Tyne Cot Memorial - Click on the image to enlarge it. Use your back arrow to return


(Photograph by permission of the Commonwealth War Graves Commission)

The TYNE COT MEMORIAL to the Missing is one of four such memorials in Belgian Flanders, covering the area known as the Ypres Salient. Tyne Cot marks the furthest point reached by Commonwealth troops until nearly the end of the war. The Tyne Cot cemetery (of which the memorial forms one boundary) surrounds a large captured German pill-box used as an advanced dressing station, upon which the Cross of Sacrifice is placed (at the suggestion of King George V on his visit in 1922). There are three other pill-boxes in the cemetery.
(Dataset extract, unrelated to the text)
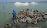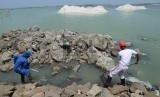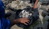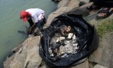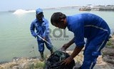 REPUBLIKA.CO.ID, JAKARTA -- Pekerja membersihkan ikan yang mati mengambang di pinggiran pantai karnaval, Ancol, Jakarta, Selasa (1/12).
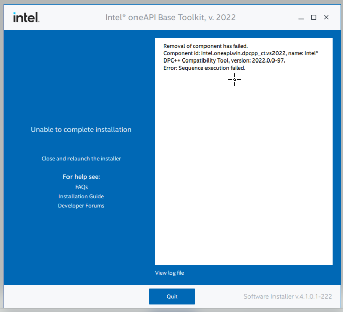 组件移除失败。组件id: intel.oneapi.win.spcpp_st.vs2022,名称:intel DPC++兼容性工具,版本2022.0.0-97.错误:序列执行失败。

The original battlefield cemetery of 343 graves was greatly enlarged after the Armistice when remains were brought in from the battlefields of Passchendaele and Langemarck, and from a few smaller burial grounds. It is now the largest Commonwealth war cemetery in the world in terms of burials.

The Memorial bears the names of almost 35,000 officers and men whose graves are not known. Designed by Sir Herbert Baker with sculpture by Joseph Armitage and F.V. Blundstone, it was unveiled by Sir Gilbert Dyett on 20 June 1927.

The names are inscribed on vertical Panels, clearly visible in the photograph, where the Fallen are listed by regiment and rank.